STORED DATA Start Marker
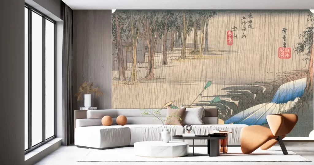 あなたのお部屋にこの壁紙アートを取り入れれば、日本の伝統と風景に触れ、心が癒されることでしょう。日本の美を感じながら、くつろぎの空間を演出しませんか?
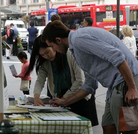 ![]() 悉尼市政府大楼前,民众阅读法轮功真相 |
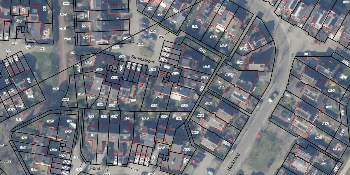 Het perceel waarop Steenkarper 15 staat heeft een oppervlakte van 222 m². Dit is een middelgroot perceel. De perceeloppervlakte wordt geregistreerd door het Kadaster. Gedetailleerde informatie over de maten van dit perceel kunt u vinden in het rapport Kadastrale kaart met maatvoering van Steenkarper 15.
STORED DATA End Marker
The output should be the material above, copied exactly, without its pictures.

SOLUTION FOR THIS PROBLEM
 あなたのお部屋にこの壁紙アートを取り入れれば、日本の伝統と風景に触れ、心が癒されることでしょう。日本の美を感じながら、くつろぎの空間を演出しませんか?
 ![]() 悉尼市政府大楼前,民众阅读法轮功真相 |
 Het perceel waarop Steenkarper 15 staat heeft een oppervlakte van 222 m². Dit is een middelgroot perceel. De perceeloppervlakte wordt geregistreerd door het Kadaster. Gedetailleerde informatie over de maten van dit perceel kunt u vinden in het rapport Kadastrale kaart met maatvoering van Steenkarper 15.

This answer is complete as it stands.